Re: [PATCH v3] repack: enable bitmaps by default on bare repos

[Date Prev][Date Next][Thread Prev][Thread Next][Date Index][Thread Index]

 



On Thu, May 23 2019, Jeff King wrote:

> On Wed, Apr 10, 2019 at 06:57:21PM -0400, Jeff King wrote:
>
>>   2. The answer we get from a bitmap versus a regular traversal are not
>>      apples-to-apples equivalent. The regular traversal walks down to
>>      the UNINTERESTING commits, marks the boundaries trees and blobs as
>>      UNINTERESTING, and then adds in all the interesting trees and blobs
>>      minus the UNINTERESTING parts. So it can sometimes give the wrong
>>      answer, claiming something is interesting when it is not.
>>
>>      Whereas with bitmaps we fill in the trees and blobs as we walk, and
>>      you get the true answer. But it means we may open up a lot more
>>      trees than the equivalent traversal would.
>>
>>      So one thing I've never really experimented with (and indeed, never
>>      really thought about until writing this email) is that the bitmaps
>>      could try to do that looser style of traversal, knowing that we
>>      might err on the side of calling things interesting in a few cases.
>>      But hopefully spending a lot less time opening trees.
>>
>>      I'm not even 100% sure what that would look like in code, but just
>>      thinking about it from a high level, I don't there's a particular
>>      mathematical reason it couldn't work.
>
> I spent a while thinking and experimenting with this tonight. The result
> is the patch below. Ævar, do you still have a copy of the repo that
> misbehaved? I'd be curious to see how it fares.

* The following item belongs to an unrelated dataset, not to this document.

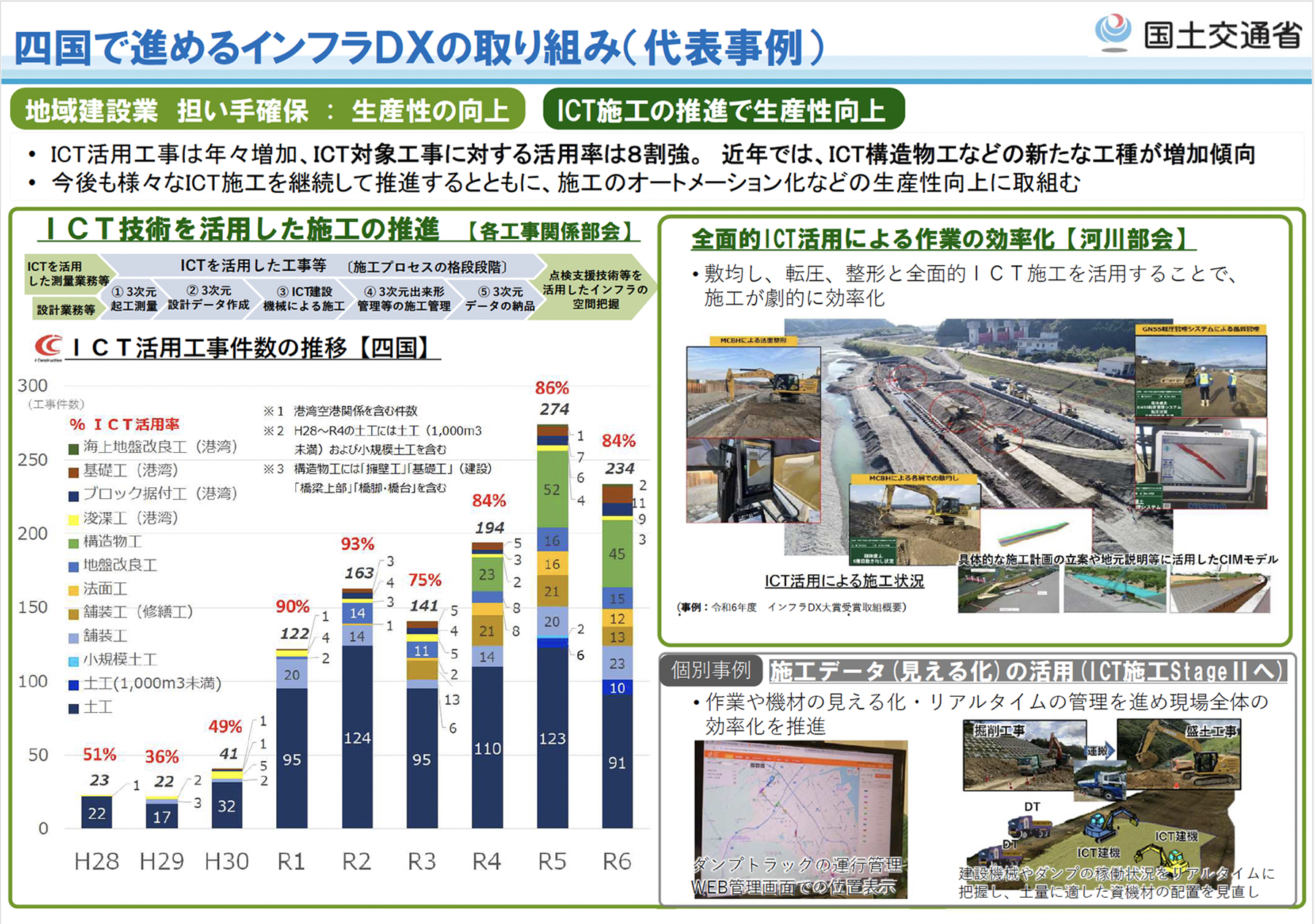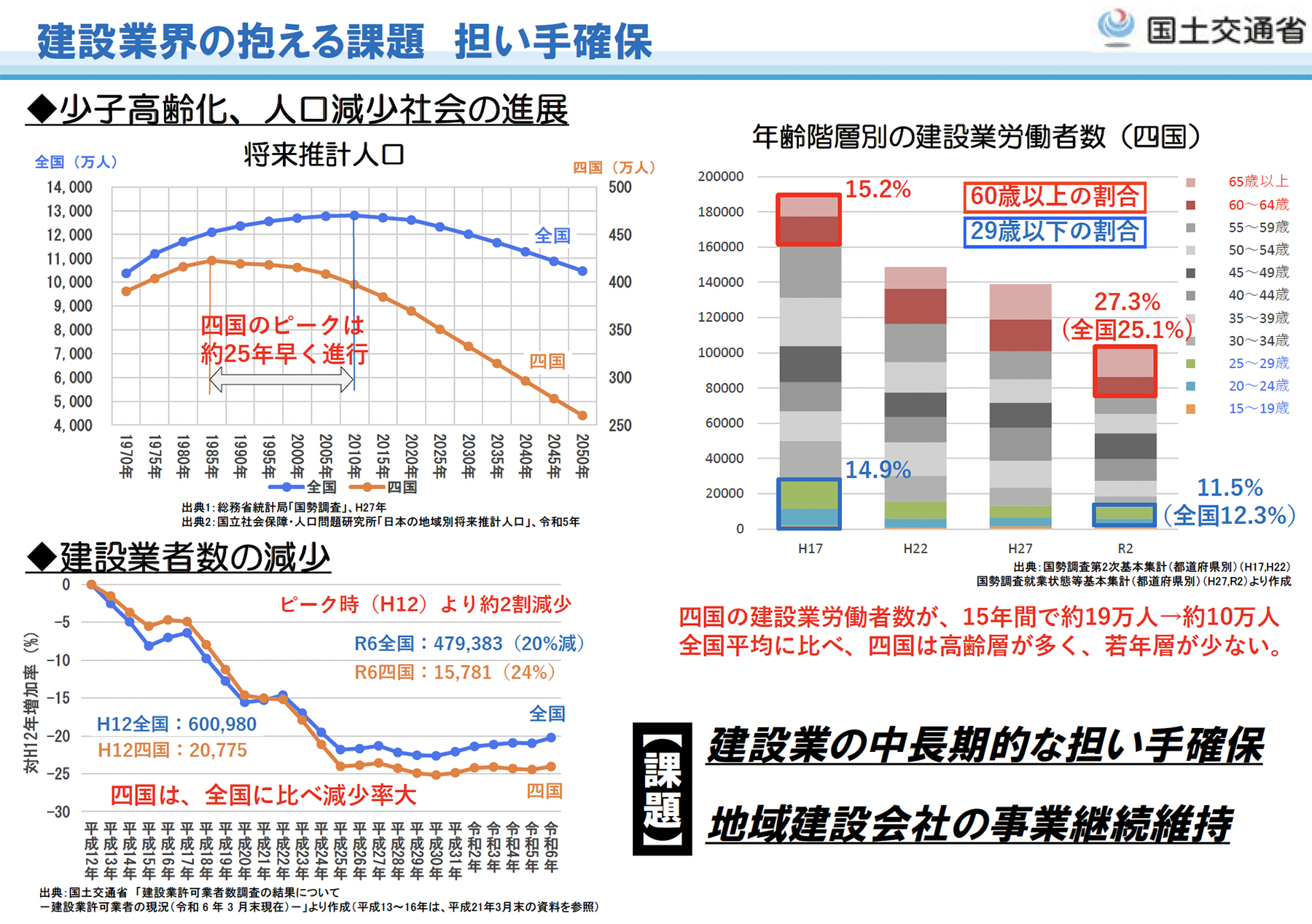 こうした災害対策の強化は、結果として地域の競争力や持続的な成長にもつながるものです。しかし、四国は全国と比べても人口減少の進行が早く、災害リスクへの対応とインフラ管理を担う人材の確保が大きな課題となっています。そのため、DXの先行導入による省人化や効率化、そして建設産業の魅力を広く伝える広報活動は、他地域以上に重要性が高いと感じています。

No, sorry. I think we could make an artificial test to emulate it, which
would be something like:

 * ~1 million commits
 * local clone setup to fetch all branches/tags (default 'git clone')
 * local a bit ahead/behind
 * Have old "main" pack with *.bitmap, bunch of other packs/loose objects without that
 * push try to push the local change upstream (or to a topic branch)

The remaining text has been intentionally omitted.